[DATA LISTING — start]

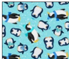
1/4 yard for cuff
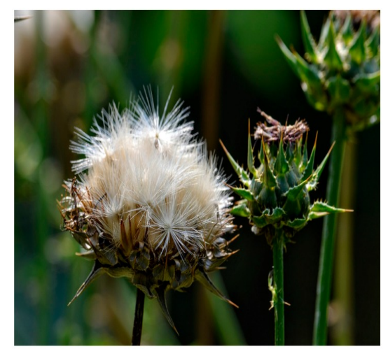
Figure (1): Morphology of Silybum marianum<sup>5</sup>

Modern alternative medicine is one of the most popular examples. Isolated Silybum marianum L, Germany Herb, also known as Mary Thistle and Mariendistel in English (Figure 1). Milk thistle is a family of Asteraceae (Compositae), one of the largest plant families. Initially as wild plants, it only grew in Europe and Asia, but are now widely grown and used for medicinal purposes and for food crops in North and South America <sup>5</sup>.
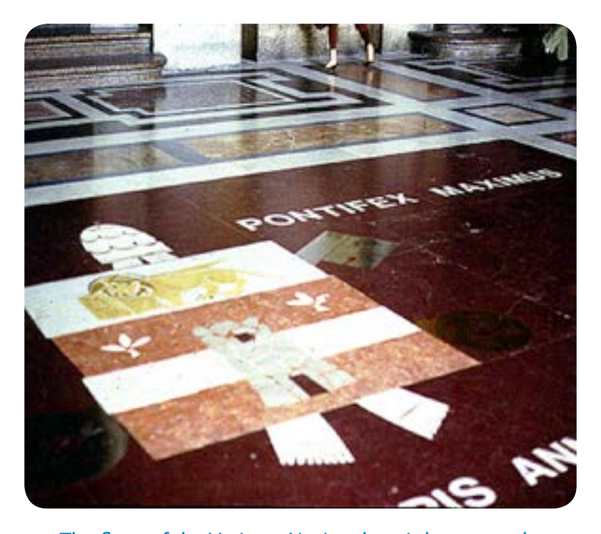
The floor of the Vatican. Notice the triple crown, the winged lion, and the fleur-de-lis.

[DATA LISTING — finish]
[DATA LISTING — start]

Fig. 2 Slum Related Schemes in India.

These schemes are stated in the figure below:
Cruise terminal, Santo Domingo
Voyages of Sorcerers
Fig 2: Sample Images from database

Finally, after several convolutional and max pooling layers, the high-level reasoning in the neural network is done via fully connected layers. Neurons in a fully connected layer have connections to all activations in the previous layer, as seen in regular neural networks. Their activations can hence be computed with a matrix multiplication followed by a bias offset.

[DATA LISTING — finish]
[DATA LISTING — start]

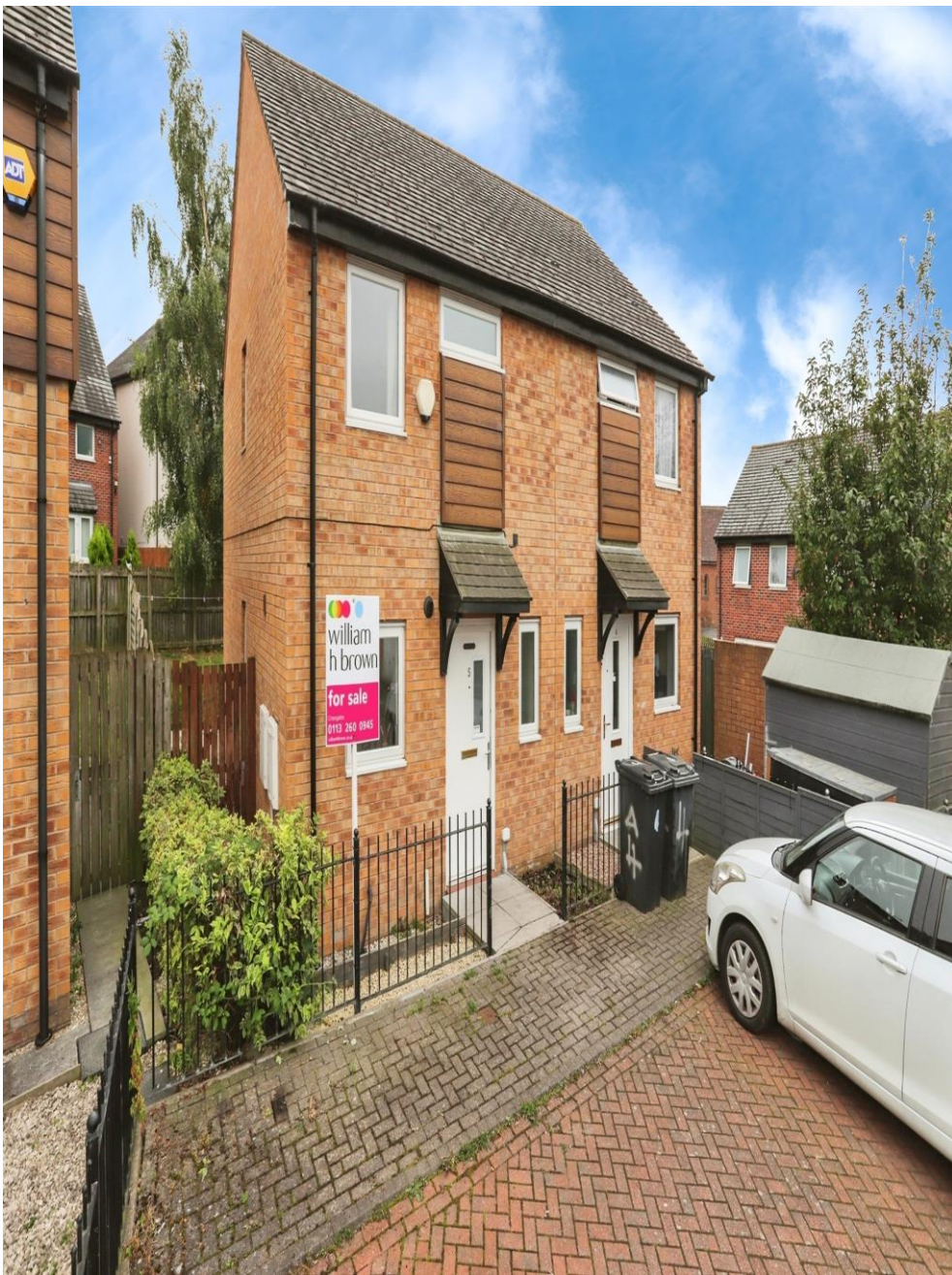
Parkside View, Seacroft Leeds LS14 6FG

[DATA LISTING — finish]

■ **WORK INSTRUCTION**
In the data above, which lines include "Silybum"? Return those lines.

■ **ANSWER TO THE PROBLEM**
Figure (1): Morphology of Silybum marianum<sup>5</sup>
Modern alternative medicine is one of the most popular examples. Isolated Silybum marianum L, Germany Herb, also known as Mary Thistle and Mariendistel in English (Figure 1). Milk thistle is a family of Asteraceae (Compositae), one of the largest plant families. Initially as wild plants, it only grew in Europe and Asia, but are now widely grown and used for medicinal purposes and for food crops in North and South America <sup>5</sup>.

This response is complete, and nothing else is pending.